# Finally find a good bike and its a darned boys bike....



## carlalotta (Jun 16, 2011)

I thought that with a token boys bike in my collection maybe I could land a man  Or with a little alteration, I could make this into an awesome girls bike!!! lol


----------



## teisco (Jun 16, 2011)

Want to sell it,,,I am interested.


----------



## bricycle (Jun 16, 2011)

Whoever ends up with this.... I could use the seat if you're going to restore it. Tanks bri.  PS; please do not turn into a girl's bike, we'll all die of a heart attack if you do....


----------



## redline1968 (Jun 16, 2011)

trumps a bluebird and a aerocycle.. nice score.


----------



## npence (Jun 16, 2011)

That bike is awesome.


----------



## rustyspoke66 (Jun 16, 2011)

If I wasn't married I might take you up on that. Hope you want a guy with a thing for old bikes.


----------



## PCHiggin (Jun 16, 2011)

Look @ the upper left corner of this page.Does anything look familiar? That is a very  rare bike.

Pat


----------



## scrubbinrims (Jun 16, 2011)

6'2", 220 lbs (okay, 230), brown/blue
Turn Offs: Grease under fingernails
Turn Ons: Women who have acquired extremely rare classic bicycles
Interested?


----------



## militarymonark (Jun 16, 2011)

im married and there is nothing that would ever make me want to leave even a bike as rare as that


----------



## slick (Jun 16, 2011)

So let's hear more of the story of where you found it and see some more photos of it??? That has to be the score of the century! I'd sell all of my 30+ collection for that 1. Well all except 3!! Hey Pickers, beat that!!!!


----------



## Freqman1 (Jun 16, 2011)

I'm not a big fan of Evinrudes but I appreciate the rarity and significance of this bike-nice find. v/r Shawn


----------



## Oldbikes (Jun 16, 2011)

Congrats on an incredible find!  

I know it's a BOYS bike, YUK!  But, wanted to let you know that I will provide a loving home for it if you want to sell it to find a more suitable GIRLS bike!


----------



## Flat Tire (Jun 16, 2011)

I was thinking about takin a vacation to North Carolina, but since I'm single and like your bike I might go to Kansas instead!
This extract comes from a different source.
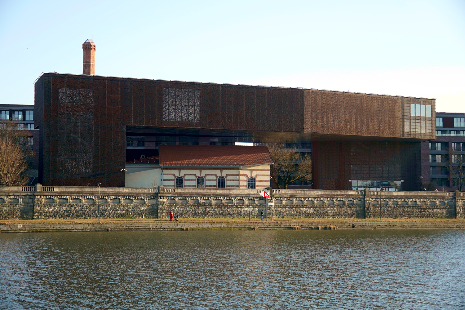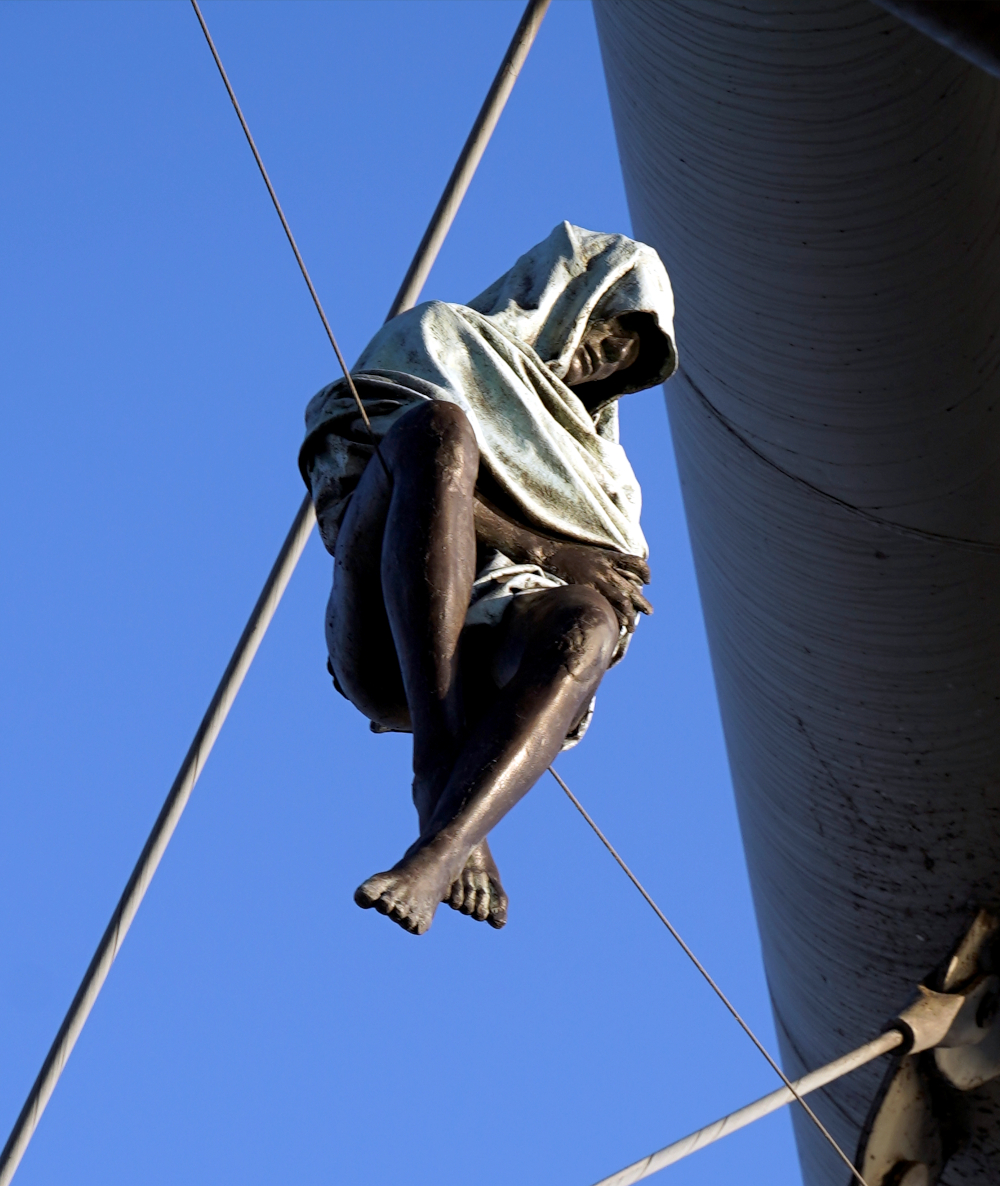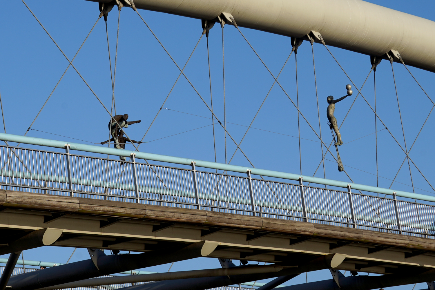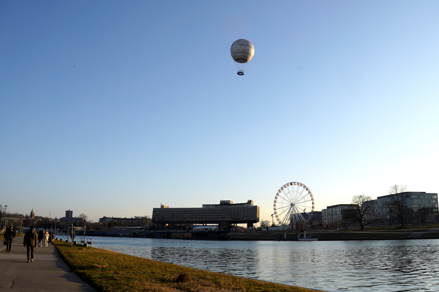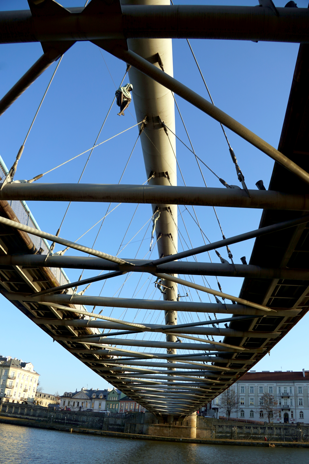On the way, we pass a bridge over the Vistula with a curious art installation that is easy to overlook, because you have to look over your head. These are on the Father Bernatek Footbridge, which features metal acrobatic sculptures by artist Jerzy Kedziora. They are balancing on wires and performing other gravity-defying stunts that are much easier to do when you’re permanently moored by steel cable.

Nice find!


----------



## HARPO (Jun 16, 2011)

SUPER rare!..........wow!.......and it looks to be all there......


----------



## twowheelfan (Jun 16, 2011)

showed your picture gallery to my wife. she said YEA! you go! great buch of bikes. it kind of would be a shame to add a boys bike to that room. maybe start another to put the "random" boys versions that you pick up? i would like to know just how many of those evinrudes are on the record now including this one. is it like twelve? or is it like fifty? congrats on getting the hen's tooth! without cavities i might add!


----------



## carlalotta (Jun 16, 2011)

Thanks  A friend of mine from back East found it at an estate sale. He called and told me to there was "a neat old bike" at an auction just 20 miles from his house. Needless to say, I about died when I saw what the bike actually was! I can't wait to get it on some different tires, remove that awful basket and wipe off the decades old dust!!!


----------



## twowheelfan (Jun 16, 2011)

simply remarkable! the brass ring! if you ask me.


----------



## markivpedalpusher (Jun 16, 2011)

Simply incredible...There still out there!!! Congrats


----------



## redline1968 (Jun 16, 2011)

Im still sick. love it dont restore it.


----------



## toyman (Jun 16, 2011)

Hi Hanna  Great bike.Can't wait to see it after you clean it up.You got a great deal to.  Toyman$


----------



## NorthSlope (Jun 16, 2011)

Fantastic bike! (just how quick are those Las Vegas "quickie" divorces?)


----------



## bikesnbuses (Jun 16, 2011)

N I C E !!!!!!!!!As stated earlier,goes to show there still out there!!! Excellent!!


----------



## popawheelie (Jun 16, 2011)

Wow, you should come for a bike ride in Long Beach, Ca. and show that puppy off. I've never seen one in person. It took a little while and then I saw those springs near the seat.........Then I blurted out "Jeepers Wally, she's got what we all want. Enjoy, lucky girl.


----------



## J.C. (Jun 16, 2011)

*Yuck.  That isn't a Schwinn!  Fooey.  J/K.  Even I have to admit that it is an incredible find.  Big congrats!!!*


----------



## Zephyr (Jun 16, 2011)

Amazing bike. I love it, even the ugly basket on it.


----------



## spitfire (Jun 16, 2011)

Wow.......the searching pays off! Congrats.


----------



## HIGGINSFOREVER (Jun 17, 2011)

I will trade you my toyota pick up and even paint it pink,or blue or green or red or black or yellow,or chrome plate the whole truck.


----------



## cyclonecoaster.com (Jun 17, 2011)

carlalotta said:


> I thought that with a token boys bike in my collection maybe I could land a man  Or with a little alteration, I could make this into an awesome girls bike!!! lol




SINGLE !!!!!!!!!!!!!!!!!!!!!!!    Wow great find - another incredible bicycle saved  ---  oh & did I mention I am SINGLE --


----------



## HARPO (Jun 17, 2011)

carlalotta said:


> Thanks  A friend of mine from back East found it at an estate sale. He called and told me to there was "a neat old bike" at an auction just 20 miles from his house. Needless to say, I about died when I saw what the bike actually was! I can't wait to get it on some different tires, remove that awful basket and wipe off the decades old dust!!!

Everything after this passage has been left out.